What you give back from the listing below should be an exact copy of the lines from the one with "A 軽く塩・こしょうして、小麦粉、とき卵、生パン粉順につけ、 熱した油(180℃)で色よく揚げる。" down to the one with "Černé tričko zdobené", and it should contain no pictures.

▶ _Data supplied_
──────────

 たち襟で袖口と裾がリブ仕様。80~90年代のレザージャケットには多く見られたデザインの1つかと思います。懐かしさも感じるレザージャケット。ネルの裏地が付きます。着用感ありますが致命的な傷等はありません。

──────────

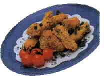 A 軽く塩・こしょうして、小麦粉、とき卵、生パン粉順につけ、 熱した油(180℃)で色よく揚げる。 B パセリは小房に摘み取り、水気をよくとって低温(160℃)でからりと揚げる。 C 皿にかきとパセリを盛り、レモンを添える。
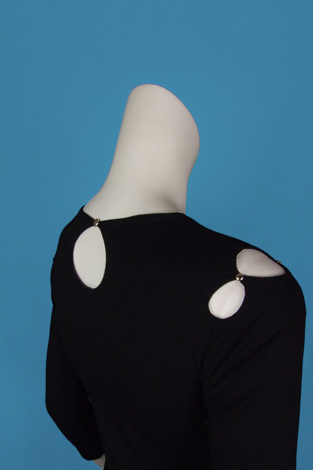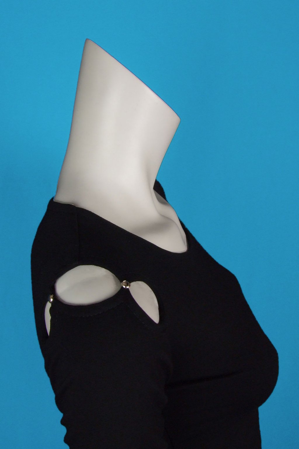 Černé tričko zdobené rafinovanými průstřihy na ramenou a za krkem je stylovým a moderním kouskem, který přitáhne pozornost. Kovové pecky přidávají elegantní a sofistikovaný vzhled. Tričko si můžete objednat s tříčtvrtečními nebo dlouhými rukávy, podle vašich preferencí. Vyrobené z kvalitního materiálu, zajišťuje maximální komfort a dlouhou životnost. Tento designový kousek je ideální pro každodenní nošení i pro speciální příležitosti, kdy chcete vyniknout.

──────────

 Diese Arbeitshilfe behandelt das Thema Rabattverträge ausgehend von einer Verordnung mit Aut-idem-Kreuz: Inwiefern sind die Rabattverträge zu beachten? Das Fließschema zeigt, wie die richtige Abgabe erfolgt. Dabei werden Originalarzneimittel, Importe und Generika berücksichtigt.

──────────

▶ _Result for this exercise_
 A 軽く塩・こしょうして、小麦粉、とき卵、生パン粉順につけ、 熱した油(180℃)で色よく揚げる。 B パセリは小房に摘み取り、水気をよくとって低温(160℃)でからりと揚げる。 C 皿にかきとパセリを盛り、レモンを添える。
 Černé tričko zdobené rafinovanými průstřihy na ramenou a za krkem je stylovým a moderním kouskem, který přitáhne pozornost. Kovové pecky přidávají elegantní a sofistikovaný vzhled. Tričko si můžete objednat s tříčtvrtečními nebo dlouhými rukávy, podle vašich preferencí. Vyrobené z kvalitního materiálu, zajišťuje maximální komfort a dlouhou životnost. Tento designový kousek je ideální pro každodenní nošení i pro speciální příležitosti, kdy chcete vyniknout.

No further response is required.